Dal 30 novembre 2019, giorno in cui presentammo ufficialmente a Roma, il Manifesto, dal quale prese avvio la fase culminata nella fondazione del partito, ad oggi sono trascorsi quasi cinque anni (CLICCA QUI). Se consideriamo l’accelerazione temporale in cui viviamo, non è cosa da poco. E, per rendersene conto, basterebbe ripercorrere la successione di eventi attraverso cui siamo passati da allora ad oggi.

Il Manifesto rimane il nostro testo di riferimento e va tenuto fermo, in primo luogo, il concetto di “trasformazione”, caro a Stefano Zamagni, che, altresì, denuncia l’insufficienza della classica e tradizionale cultura riformista, a fronte delle prove che ci attendono.

Ora si tratta di aprire una fase nuova della nostra iniziativa, diretta a costruire il “partito di programma”, come lo intendeva Don Sturzo. Che sosteneva come il programma sia o debba essere qualcosa che, anzitutto, “si vive”.
Dunque, pensiero e vita, vita e pensiero stanno assieme, fanno un tutt’uno, cosicché il programma, se non è vissuto, neppure può essere pensato. Il che significa – senza cadere in un’accezione moralistica della politica – che, al di fuori della tensione etica che ne rappresenta l’effettiva sorgente, non si dà programma politico. Affermazione coraggiosa, audace e di rara forza, addirittura spericolata, soprattutto se messa a fronte dello scarso “appeal” di cui gode oggi la “militanza” in un partito. Affermazione che, ai giorni nostri, si dovrebbe far risuonare, in modo del tutto particolare, negli ambienti cattolici, perché da sola basta a far giustizia di tanti sottili distinguo tra formazione delle coscienze e personale responsabilizzazione nell’“agone” politico Concepito, quest’ultimo, non come un incidentale supplemento al proprio quotidiano compito professionale, qualcosa che si aggiunga, ma restandone a latere, alle “normali” preoccupazioni della vita, bensì un versante su cui ne va della vita. Della propria e di quella altrui.

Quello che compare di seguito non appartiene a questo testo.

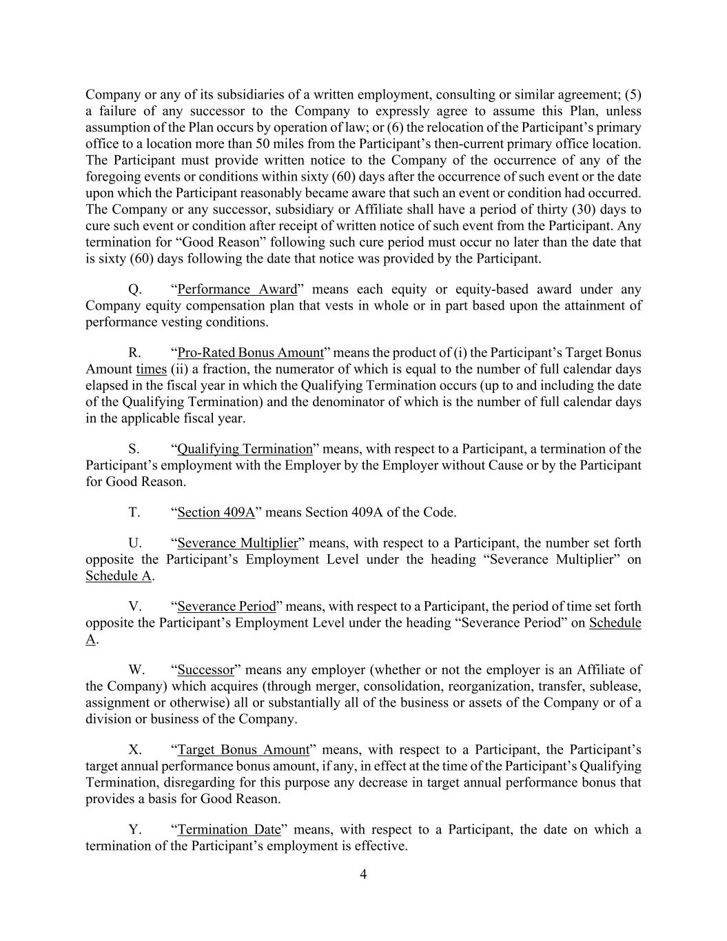4 Company or any of its subsidiaries of a written employment, consulting or similar agreement; (5) a failure of any successor to the Company to expressly agree to assume this Plan, unless assumption of the Plan occurs by operation of law; or (6) the relocation of the Participant’s primary office to a location more than 50 miles from the Participant’s then-current primary office location. The Participant must provide written notice to the Company of the occurrence of any of the foregoing events or conditions within sixty (60) days after the occurrence of such event or the date upon which the Participant reasonably became aware that such an event or condition had occurred. The Company or any successor, subsidiary or Affiliate shall have a period of thirty (30) days to cure such event or condition after receipt of written notice of such event from the Participant. Any termination for “Good Reason” following such cure period must occur no later than the date that is sixty (60) days following the date that notice was provided by the Participant. Q. “Performance Award” means each equity or equity-based award under any Company equity compensation plan that vests in whole or in part based upon the attainment of performance vesting conditions. R. “Pro-Rated Bonus Amount” means the product of (i) the Participant’s Target Bonus Amount times (ii) a fraction, the numerator of which is equal to the number of full calendar days elapsed in the fiscal year in which the Qualifying Termination occurs (up to and including the date of the Qualifying Termination) and the denominator of which is the number of full calendar days in the applicable fiscal year. S. “Qualifying Termination” means, with respect to a Participant, a termination of the Participant’s employment with the Employer by the Employer without Cause or by the Participant for Good Reason. T. “Section 409A” means Section 409A of the Code. U. “Severance Multiplier” means, with respect to a Participant, the number set forth opposite the Participant’s Employment Level under the heading “Severance Multiplier” on Schedule A. V. “Severance Period” means, with respect to a Participant, the period of time set forth opposite the Participant’s Employment Level under the heading “Severance Period” on Schedule A. W. “Successor” means any employer (whether or not the employer is an Affiliate of the Company) which acquires (through merger, consolidation, reorganization, transfer, sublease, assignment or otherwise) all or substantially all of the business or assets of the Company or of a division or business of the Company. X. “Target Bonus Amount” means, with respect to a Participant, the Participant’s target annual performance bonus amount, if any, in effect at the time of the Participant’s Qualifying Termination, disregarding for this purpose any decrease in target annual performance bonus that provides a basis for Good Reason. Y. “Termination Date” means, with respect to a Participant, the date on which a termination of the Participant’s employment is effective.

Difatti – ma oggi ben difficilmente viene compreso – rispetto ai gesti della cultura la cui area di piu’ immediata risonanza concerne, anzitutto coloro che concorrono ad una comune riflessione, i gesti della politica, piccoli o grandi che siano, dato che ricadono sull’intera collettività, sono, in ogni caso, sovraccarichi di responsabilità morale.

Il programma “si vive” perché non discende dall’empireo di una astratta teorizzazione intellettuale, né risponde agli stilemi di una ideologia, non è il portato di un pensiero preordinato. Nasce bensì dalla “condizione popolare” di una comunità, attesta le domande “sofferte” che sorgono dalla sua concreta esperienza esistenziale, dà conto delle sue speranze, dà forma alle sue legittime attese. Detto altrimenti – e dovrebbe valere anche per noi, ma forse rischiamo di cadere nel girone infernale dell’utopia – si dovrebbe riscoprire ed alimentare interiormente la straordinaria dimensione etica dell’impegno politico, il ruolo di tessuto connettivo che le compete in ogni costrutto programmatico, per evitare che la struttura di un progetto e la elaborazione dei contenuti che vi concorrono altro non sia se non un freddo almanaccare temi ed argomenti che della politica non sanno dare se non un’algida declinazione tecnocratica.